Despite unanimous support for the Paris climate goals, the EU is heading for a fossil future, say campaigners
CHARITIES in Scotland and Europe have expressed their disappointment at the EU Parliament’s decision to back importation and storage of fracked and unconventional gas (UCG).
A plenary vote on the "EU strategy on LNG and gas storage" stated that in the interests of energy security, given political tensions with Russia, it was necessary to consider the benefits of importing UCG.
The Brussels wing of the environmental charity Friends of the Earth (FoE), supported by the group in Scotland, has warned that such a decision could lock Europe into a reliance on fossil fuels and damage progress made by the Paris climate agreement.
“They're playing Russian roulette with the climate, and completely ignoring the implications of the Paris Agreement for our energy sector.” Antoine Simon
Antoine Simon, energy campaigner for FoE Europe said: "There's no such thing as clean gas – it's a fossil fuel with climate-killing methane emissions. They're playing Russian roulette with the climate, and completely ignoring the implications of the Paris Agreement for our energy sector.
"This decision opens the door to carbon-intensive fracked gas, especially from the US, which is linked to devastating local environmental and social impacts. Europe urgently needs to transition away from fossil fuels towards community-owned renewables and energy efficiency."
FoE Europe insist that such decisions conflict with Europe's commitments as part of the Paris climate agreement and will make it extremely unlikely that nations will stay below the 2°C global warming limit.
FoE Scotland agreed with the Brussels group that Europe “urgently needs” to transition away from fossil fuels and instead focus on supplying communities through renewables, especially community owned and managed projects.
"This decision opens the door to carbon-intensive fracked gas, especially from the US, which is linked to devastating local environmental and social impacts.” Antoine Simon
A major concern of campaigners is that due to threats of sanctions and the continued strife between western political powers and Russia, US fracked gas could be imported in an increased rate to serve political ends.

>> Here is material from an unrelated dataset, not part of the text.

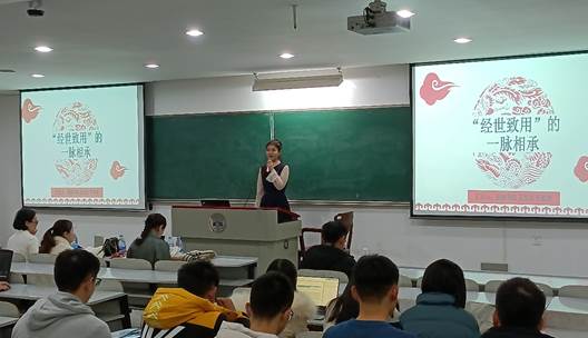 博士生理论宣讲团给同学们带来了《传承“经世致用”,发扬“实事求是”,勇当时代新人》主题宣讲报告,报告分为《“经世致用”的“一脉相承”》、《“实事求是”思想的“前世今生”》和《做不负韶华不负时代的新青年》三个部分,由于淼漪老师主持,玩偶姐姐
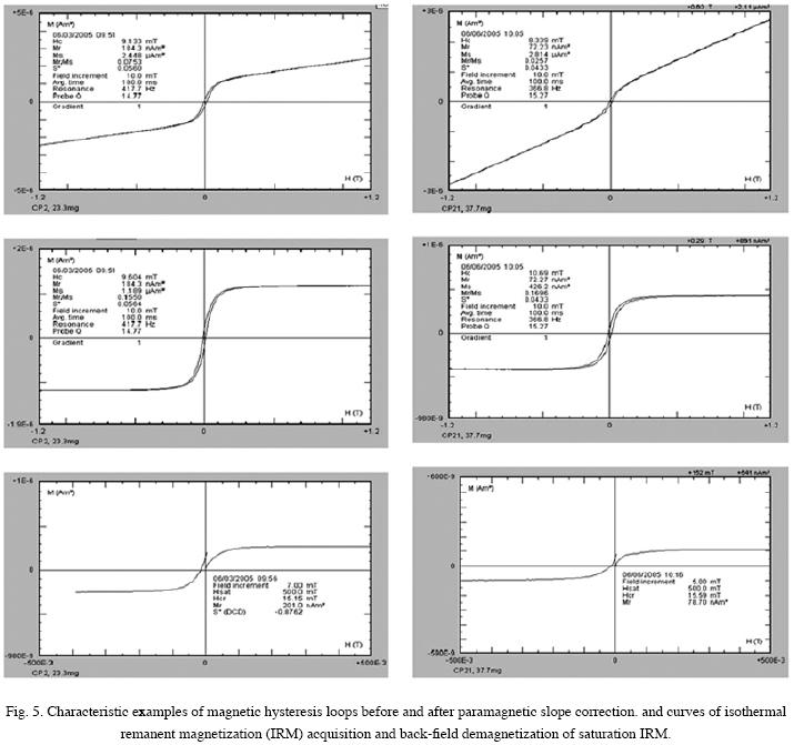 Hysteresis loops are dominated by paramagnetic components, whose relative contribution varies through the sequence. After slope correction, well defined hysteresis loops showing low coercivity spectra are determined (Fig. 5). Backfield demagnetization of saturation IRM was also measured in all samples (Fig. 5). Hysteresis parameters are calculated after correction for the paramagnetic contribution (S*). Domain states are estimated from the ratio plot of hysteresis parameters (Day et al., 1977; Dunlop, 2002).

Organisations also stated that the vote which took place on Thursday 25 October ensures that subsidies and investments in, fossil fuels and gas would be given priority over renewables and energy efficiency across Europe.
Additionally, the vote follows the first arrival of a US fracking ship owned by energy giant Ineos at Grangemouth in September of this year. In Scotland, such imports are supported by bodies such as the GMB union, the Scottish Conservatives but opposed by the Greens. The Scottish Government received criticism from the chief executive and chairman of Ineos Jim Ratcliffe for not being “more open” to importing US fracking, given the government’s moratorium on fracking in Scotland.